REMUNERATION AU MERITE

   Un récent sondage réalisé pour Valeurs Actuelles , fait apparaître que « les Français disent oui à la rémunération au mérite ».
   Au delà de la valeur que l’on peut  attribuer aux sondages, il ne faut  pas se tromper. Trop souvent la notion de mérite est confondue avec celle de performance et de productivité économique ou financière.

   Performance
n’est pas toujours mérite. Le mérite n’est pas chiffrage ou quantification. S’il est relativement aisé de quantifier une production ou de déterminer un pourcentage sur le chiffre d’affaires ou des ratios, il est bien délicat de mesurer la performance d’une standardiste, de chiffrer celle d’un chef de service ou d’une personne du bureau d’études. Sont-ils pour autant dépourvus de mérite ?
  
   L’erreur n’est pas d’aujourd’hui. « Payer le résultat », « récompenser la performance », stimuler la compétitivité »…Autant de tics relevant de ce que Simone Weil nommait fort justement « la monomanie de la comptabilité », pour laquelle n’a de valeur que ce qui peut se chiffrer.

   Adopter la notion de mérite, c’est résolument tourner le dos à l’unique appréciation quantitative. C’est prendre en considération l’ensemble des qualités intellectuelles et morales ou relationnelles concrètement manifestées ; elles font la valeur d’une personne et la qualité de son service. Reconnaître le mérite c’est dépasser les notions de rentabilité, productivié, quotas, ratios, marges…faciles à mesurer. Expression des qualités personnelles exprimées dans le travail,
le mérite est fonction de la qualité du service rendu;
le mérite est « ce qui rend une personne digne d’estime et de récompense quand on considère la valeur de sa conduite et les difficultés surmontées » .
Il y a du mérite à surmonter un obstacle, reconnaître ses limites, dominer ses propres lacunes. A beaucoup de mérite celui qui avoue et répare les bêtises commises et se sert de ses erreurs pour augmenter ses capacités propres.

« Ne jugez pas l’homme à partir de l’erreur commise, disait un chef d’entreprise, mais la façon dont il l’a maîtrisée. Le potentiel d’un individu se révèle dans cette capacité à dominer la difficulté. Celui qui commet une erreur ne démérite pas quand il la reconnaît et la répare ».

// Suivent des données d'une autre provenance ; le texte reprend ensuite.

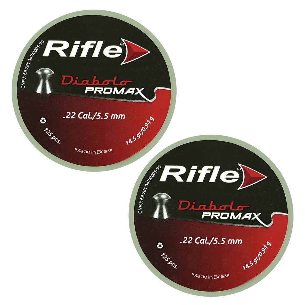 Produto de uso exclusivo em práticas esportivas. O uso do produto exige treinamento e equilíbrio emocional. Deverá ser guardado em lugar seguro e fora do alcance de terceiros. A marca RIFLE é uma empresa que há 30 anos fabrica as melhores munições para Armas de Pressão e Ar comprimido do Brasil. Reconhecida por produzir Chumbos que estão entre os quatro melhores do mundo, usados também por atletas olímpicos e campeões mundiais, aprovados pelas melhores fabricantes de armas do mundo. Símbolo de qualidade e excelência. O Chumbinho modelo PROMAX da linha DIABOLO da Rifle é um lançamento de 2020. Oque mais se destaca nele sem dúvidas é o fator de agrupamento. Apesar de ser considerado um Chumbinho de entrada ele conquistou o respeito dos atiradores. Escolher uma munição de qualidade é essencial para seu desempenho na prática do Tiro Esportivo. Atendendo o alto padrão de qualidade esse Chumbinho da Rifle não possui rebarbas, opção perfeita para sua Arma de Pressão. ESPECIFICAÇÕES TÉCNICAS: - Marca: Rifle - Calibre: 5.5mm (.22) - Modelo: Promax - Linha: Diabolo - Material: Chumbo - Quantidade: 125 unidades cada - Peso: 0.94 gramas - Gramatura: 14.5 grains - Comprimento: 6,6mm ITENS INCLUSOS: - 02 Latas de Chumbinho Rifle Diabolo Promax 14.5gr 5.5mm 125un. (cada) Observações: Garantia de 03 meses mediante defeitos de fábrica. INFORMAÇÃO: Os equipamentos, peças e acessórios aqui listados são de uso exclusivo em armas de pressão (gás comprimido ou mola), airsoft, paintball, esferas plásticas (BBS) e estão em conformidade com a legislação brasileira de USO PERMITIDO "É permitido o uso de armas de pressão por ação de gás comprimido ou por ação de mola, com calibre igual ou inferior a seis milímetros (6mm ou 6.0mm), e das que lançam esferas de plástico com tinta, como os lançadores de paintball." Conforme parágrafo único do Art. 11 do DECRETO Nº 11.615, DE 21 DE JULHO DE 2023. A venda desses itens é feita somente para maiores de 18 anos mediante a comprovação de maior idade. Atenção: O envio de Armas de pressão e Airsoft é realizado somente por transportadora. Caso tenham dúvidas entrar em contato.

   Qu’est-ce qui fait le mérite d’un commercial, d’un chef d’équipe, d’un dirigeant, d’un magasinier ? S’il a du mérite, c’est qu’on peut lui faire confiance.
   Le but de l’entreprise n’est pas de faire des salariés méritants, mais de servir les clients : là, réside le bien commun de l’entreprise. Dans la mesure où la personne contribue, participe à la réalisation de ce bien commun – par son souci de valoriser les autres, de travailler en cohésion avec son entourage, de proposer des solutions - elle mérite en retour estime, égard, considération et reconnaissance. Une personne de mérite se signale par les services rendus.

Le mérite est signe de distinction des personnes : en jugeant ses actes, ses comportements par des faits. Quel que soit le contexte économique la reconnaissance du mérite est juste (rendre à chacun ce qui lui est dû), nécessaire et obligatoire pour le mieux être des personnes et une plus grande efficacité de l’entreprise. Il appartient aux dirigeants de déterminer ce qui fait le collaborateur méritant et de fixer les règles pour le récompenser.

   Ramener le mérite de l’homme à la performance quantitative, c’est confondre son travail avec celui d’une machine et le dévaloriser.

   C’est aussi le mettre en situation de tricher avec son entreprise. Il suffit de se référer à l’actualité.